On traveling, teaching, learning and living in far western China.

Sunday, October 31, 2010

And you thought you had it hard

Work until midnight, up at 5 am, coffee everyday to keep you going.

The life of a work-a-holic who's determined to climb the ladder?

Yes: but this work-a-holic is in middle school.  She goes by "Sherry", and I tutor her (and 2 other middle school students) every Saturday.

I was astounded to find out about this 14-year-old's daily schedule.  I worked pretty damn hard in high school, and I did all my homework in middle school, but never like this.  And it sounds like she's not too different from anyone else her age.  (Get ready for next year, she warns Alice and Andy, the two 13-year-olds the grade below her).  At the end of the year, that is, at the end of middle school, Sherry will have a big test.  She thinks next year will be better once she starts high school.  I didn't dare mention the 高考 (gao kao - "high test", or the National Higher Education Entrance Exam), because I was certain that she was fully aware that her crazy schedule would resume soon enough.

Preparing for the 高考 consumes most Chinese high schoolers, who take it during their last year, much like we take the SAT.  But the pressure to do well is so much higher, partly because of the extreme degree to which Chinese culture values academic success, and partly because of the university admittance quotas, which limit the number of students from each province who can be accepted.

A 2007 Time magazine article reports:
Chinese cities ground to a standstill during this year's gaokao, moved up a month to avoid the oppressive summer heat.

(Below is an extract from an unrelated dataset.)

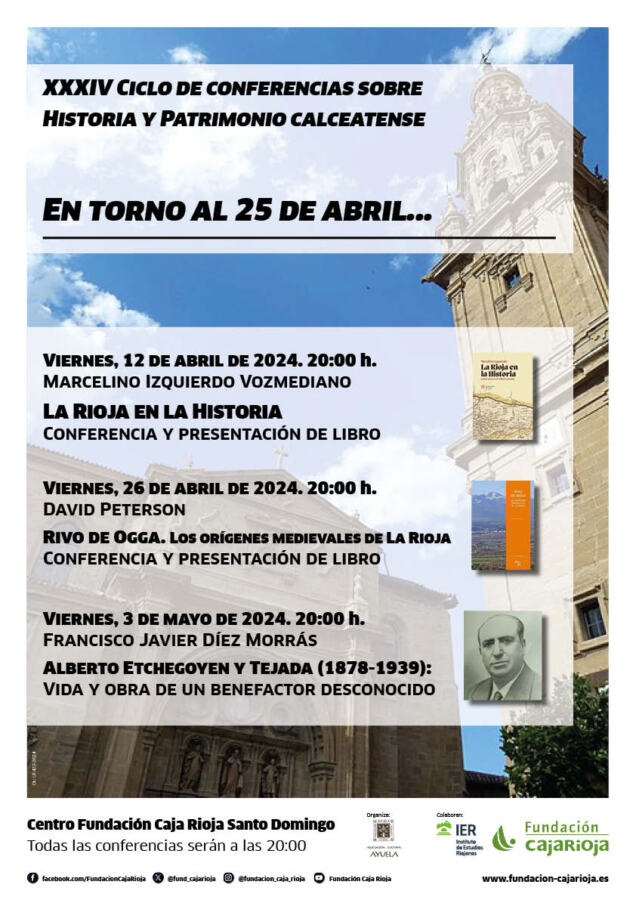 El Centro Fundación Caja Rioja Santo Domingo de la Calzada acoge desde este próximo viernes, 12 de abril, el XXXIV Ciclo de Conferencias sobre la Historia y el Patrimonio Calceatense. El periodista Marcelino Izquierdo Vozmediano inaugura estas jornadas que concluirán el 3 de mayo. Se desarrollarán a las 20:00 horas organizadas por la asociación Ayuela y la colaboración del Instituto de Estudios Riojanos y Fundación Caja Rioja.
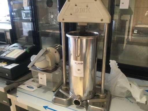 Manuele stopbus; tafelmodel; met alle toebehoren; 2 snelheden; Nee Merk: Dick Model: FD12 Gewicht: 25kg Lengte: 380cm Breedte: 250cm Hoogte: 740cm Materiaal: rvs

In some cities, police cars were barred from using their sirens during testing hours, and taxis were given yellow signs allowing them right of way when delivering examinees to their test sites. In others, construction was halted at night for fear that the clangs and booms might stand in the way of a good night's sleep. In Tianjin, China's third-biggest metropolis, doctors reportedly prescribed birth control pills to female test-takers whose parents feared that an untimely period would prove distracting.
(You can read the full article here.)

Sherry, Andy, and Alice still have a couple years to go before worrying about the 高考.  But even as middle schoolers, they are already facing similar pressures.  Sherry told me that all of their music, art, and PE classes have been canceled, so that more important subjects like math, chemistry, Chinese, English, and geography can have extra time to cover material.  "We only have PE when the government comes to check on the school," she told me, fully aware of how things work in her country.  "The art, music, and PE teachers just sit in their office all day, drinking tea and reading the newspaper.  They like it." Parents don't seem to be complaining about the arrangement, either.

"My mom knows I like art and music and PE, so she lets me do some drawing and singing and playing outside on the weekend."  But during the school week, like so many other Chinese children, Sherry is an academic machine.  Her parents are hoping to send her to high school in the States.  For Sherry, it will be a long-needed vacation from the Chinese educational system.